** Dataset section follows **
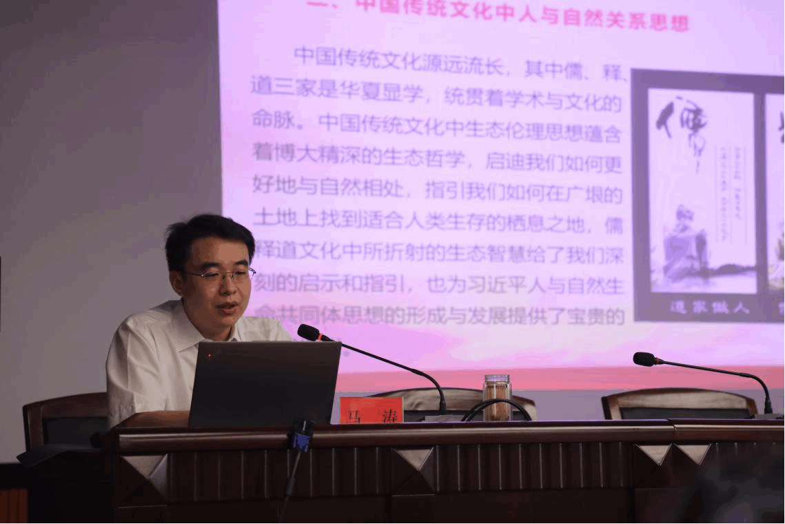 马涛主任深入阐述了习近平总书记有关人与自然和谐共生理念的重大意义及核心要义,从对中国传统文化中人与自然关系思想的提炼总结,延伸到对人与自然和谐共生的现代化及实现路径的思考探索。他以海南热带雨林国家公园为例,生动列举了人与自然和谐共生的具体实践,最后站在建设国家植物园体系的国家战略的高度,勉励全园上下要胸怀“国之大者”,积极融入国家植物园体系,并提出从明确发展方向、强化迁地保护、深入科学研究、突出园林园艺展示、加强科普教育五个方面发力的具体要求。
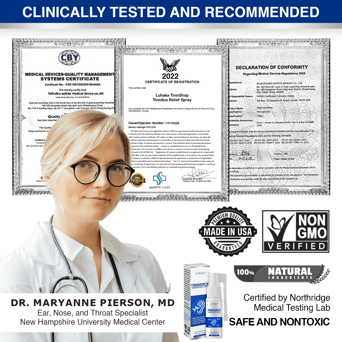 Dr. Maryanne Pierson, M.D., HNO-Ărztin am New Hampshire University Medical Center in Massachusetts, und zahlreiche andere HNO-Ărzte haben TinniDrop Tinnitus Relief Spray als eine bahnbrechende Lösung fĂŒr Personen angesehen, deren Tinnitus als chronisches Hindernis fortbesteht. WĂ€hrend manche Menschen im Laufe der Zeit eine Verringerung oder Linderung der Symptome erfahren, stellen andere fest, dass der Tinnitus ihr tĂ€gliches Leben weiterhin erheblich beeintrĂ€chtigt. TinniDrop gilt als hochwirksames, rezeptfreies Mittel, das Tinnitus und die damit verbundenen Symptome lindert.
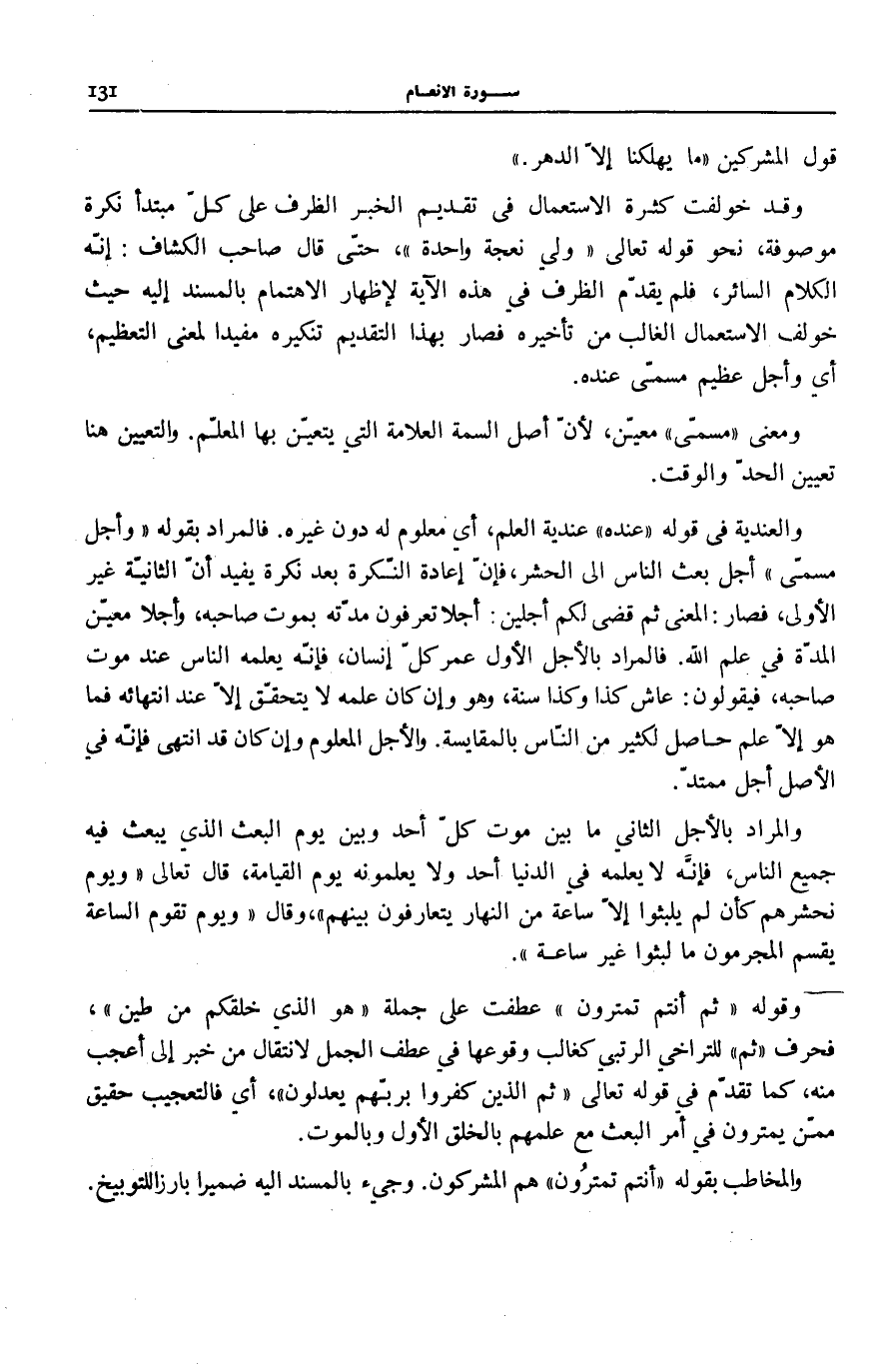 وَأَجَلٌ مُسَمًّى أَجَلُ بَعْثِ النَّاسِ إِلَى الْحَشْرِ، فَإِنَّ إِعَادَةَ النَّكِرَةِ بَعْدَ نَكِرَةٍ يُفِيدُ أَنَّ الثَّانِيَةَ غَيْرُ الْأُولَى، فَصَارَ: الْمَعْنَى ثُمَّ قَضَى لَكُمْ أَجَلَيْنِ: أَجَلًا تَعْرِفُونَ مُدَّتَهُ بِمَوْتِ صَاحِبِهِ، وَأَجَلًا مُعَيَّنَ الْمُدَّةِ فِي عِلْمِ اللَّهِ.
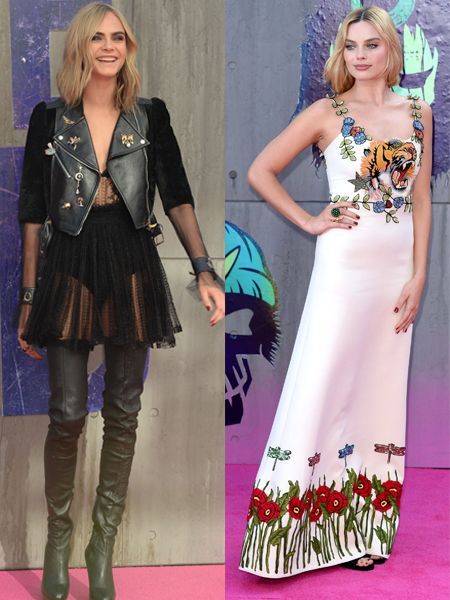 邪悪な魔女エンチャントレスを演じたカーラはAlexander McQueenのチュール素材のベビードールワンピースにジュエリーピンがたくさんついたレザージャケットを合わせたクールなスタイル。ファンキーな悪女ハーレイ・クインを演じたマーゴットは虎と花の刺繍が特徴のGucciの白ドレスで。
** End of Dataset section **
Provide the listing above once more, exactly, with the pictures removed.

 马涛主任深入阐述了习近平总书记有关人与自然和谐共生理念的重大意义及核心要义,从对中国传统文化中人与自然关系思想的提炼总结,延伸到对人与自然和谐共生的现代化及实现路径的思考探索。他以海南热带雨林国家公园为例,生动列举了人与自然和谐共生的具体实践,最后站在建设国家植物园体系的国家战略的高度,勉励全园上下要胸怀“国之大者”,积极融入国家植物园体系,并提出从明确发展方向、强化迁地保护、深入科学研究、突出园林园艺展示、加强科普教育五个方面发力的具体要求。
 Dr. Maryanne Pierson, M.D., HNO-Ărztin am New Hampshire University Medical Center in Massachusetts, und zahlreiche andere HNO-Ărzte haben TinniDrop Tinnitus Relief Spray als eine bahnbrechende Lösung fĂŒr Personen angesehen, deren Tinnitus als chronisches Hindernis fortbesteht. WĂ€hrend manche Menschen im Laufe der Zeit eine Verringerung oder Linderung der Symptome erfahren, stellen andere fest, dass der Tinnitus ihr tĂ€gliches Leben weiterhin erheblich beeintrĂ€chtigt. TinniDrop gilt als hochwirksames, rezeptfreies Mittel, das Tinnitus und die damit verbundenen Symptome lindert.
 وَأَجَلٌ مُسَمًّى أَجَلُ بَعْثِ النَّاسِ إِلَى الْحَشْرِ، فَإِنَّ إِعَادَةَ النَّكِرَةِ بَعْدَ نَكِرَةٍ يُفِيدُ أَنَّ الثَّانِيَةَ غَيْرُ الْأُولَى، فَصَارَ: الْمَعْنَى ثُمَّ قَضَى لَكُمْ أَجَلَيْنِ: أَجَلًا تَعْرِفُونَ مُدَّتَهُ بِمَوْتِ صَاحِبِهِ، وَأَجَلًا مُعَيَّنَ الْمُدَّةِ فِي عِلْمِ اللَّهِ.
 邪悪な魔女エンチャントレスを演じたカーラはAlexander McQueenのチュール素材のベビードールワンピースにジュエリーピンがたくさんついたレザージャケットを合わせたクールなスタイル。ファンキーな悪女ハーレイ・クインを演じたマーゴットは虎と花の刺繍が特徴のGucciの白ドレスで。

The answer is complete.